The formal specifications for RSA cryptographic operations, including the mathematical primitives for encryption, decryption, and signature generation, are defined in RFC 8017, published by the IETF. These specifications are the authoritative technical reference for how RSA is implemented across the internet’s security infrastructure, covering key representation, encryption schemes, and signature schemes.
How Shor’s Algorithm Works
Shor’s algorithm exploits two fundamental properties of quantum computers: superposition, which allows qubits to represent multiple states simultaneously, and quantum interference, which allows the algorithm to amplify correct answers and suppress incorrect ones.
The algorithm converts the factoring problem into a period-finding problem. Given an integer N to factor, Shor’s algorithm selects a random integer and computes the period of a specific mathematical function involving that integer and N. Once the period is found, classical mathematical techniques allow the prime factors of N to be derived from it with high probability.

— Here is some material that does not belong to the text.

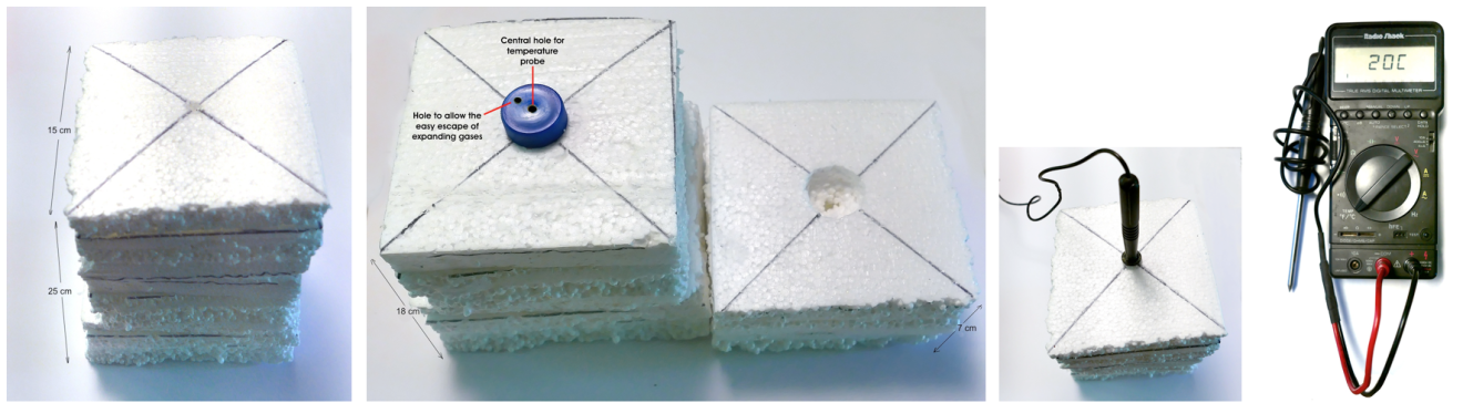 Figure 4 shows the apparatus I used: left assembled polystyrene insulated container composed of a total of 9 layer of ~2.8 cm thick 15 x15 cm polystyrene, 6 layers glued together forming the base, and 3 layers glued together to form the lid (total height ~25 cm); image second from left, polystyrene insulated container opened showing enclosed 50 mL reaction tube, and the lid with a cutout to fit the reaction tube cap, and hole for a suitable temperature sensor; image third from the left, lid housing the temperature probe; far right image, electronic temperature probe.
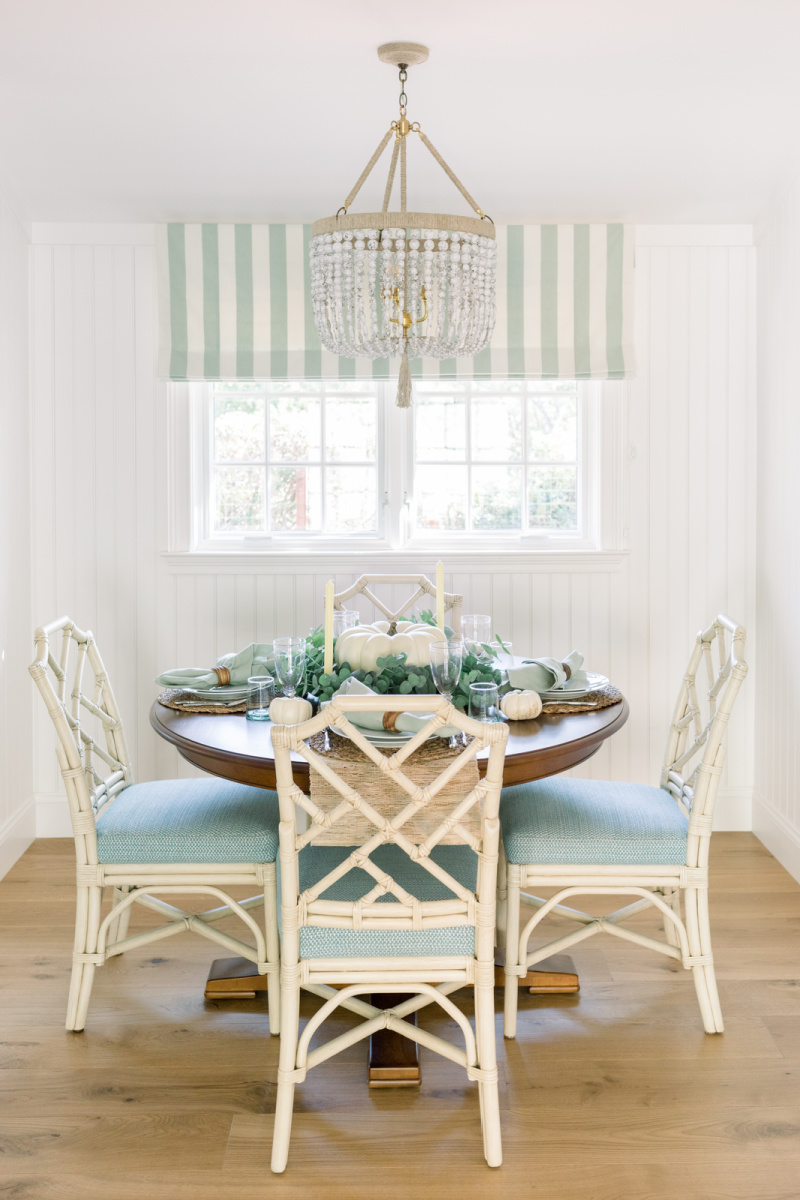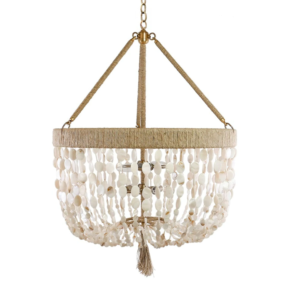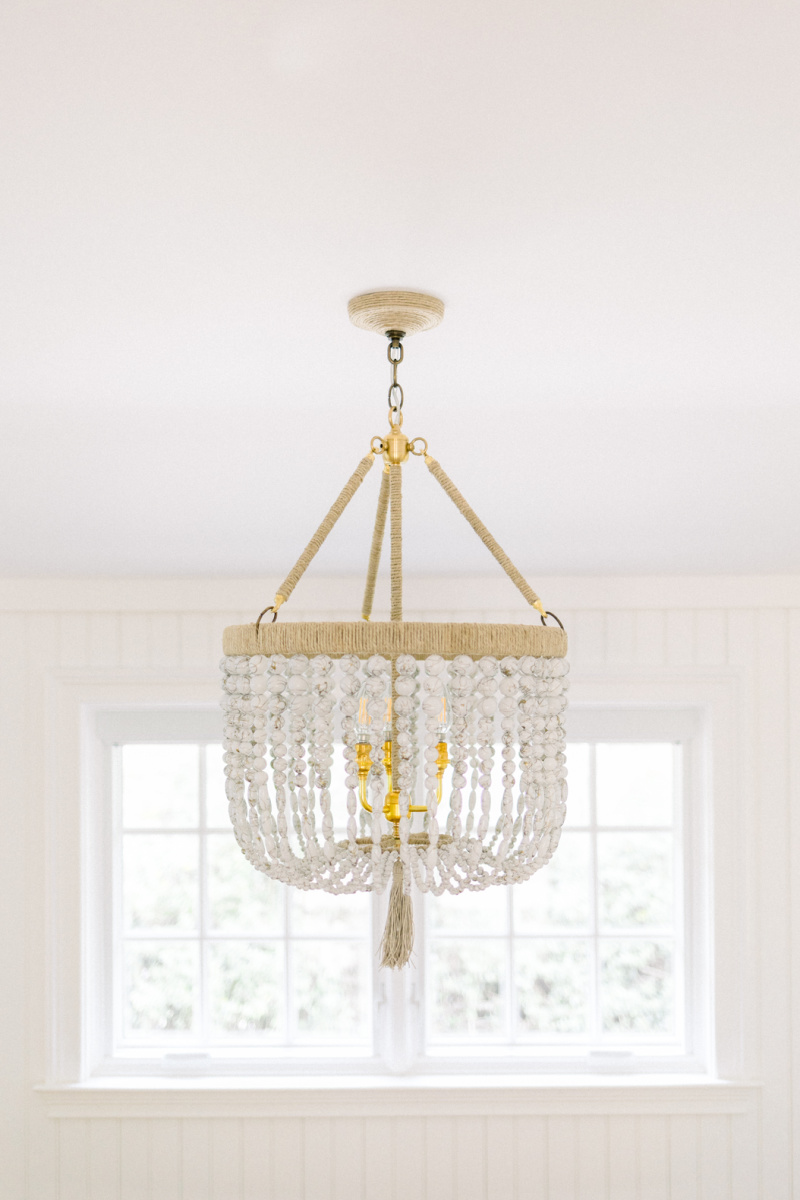 Snowberry has no formal dining room. Between the kitchen and great room, we have what’s essentially a breakfast room. I knew I wanted a Ro Sham Beaux beaded chandelier. We had two in our Fidalgo Island house, and they were stunning. There are many frame styles, sizes, bead choices … and hardware finishes. I chose to go the custom route working with Mary Ann of Classic Casual Home because I wanted to combine two styles. Serena and Lily offer two Ro Sham Beaux styles, the Malibu and Seychelles, each in two sizes.

The critical insight is that quantum computers can find periods exponentially faster than classical computers. Classical period-finding algorithms scale exponentially with the size of the number being factored. Shor’s algorithm scales polynomially, meaning the time required grows far more slowly as the problem size increases. For an RSA-2048 key, this difference in scaling translates from millions of years of classical computation to potentially hours on a sufficiently capable quantum computer.
Shor’s algorithm also applies to the discrete logarithm problem, the mathematical foundation of elliptic curve cryptography and Diffie-Hellman key exchange. This means it threatens not just RSA but the full family of asymmetric cryptographic systems that underpin TLS connections, digital certificates, VPN authentication, code signing, and most other security protocols used across enterprise environments.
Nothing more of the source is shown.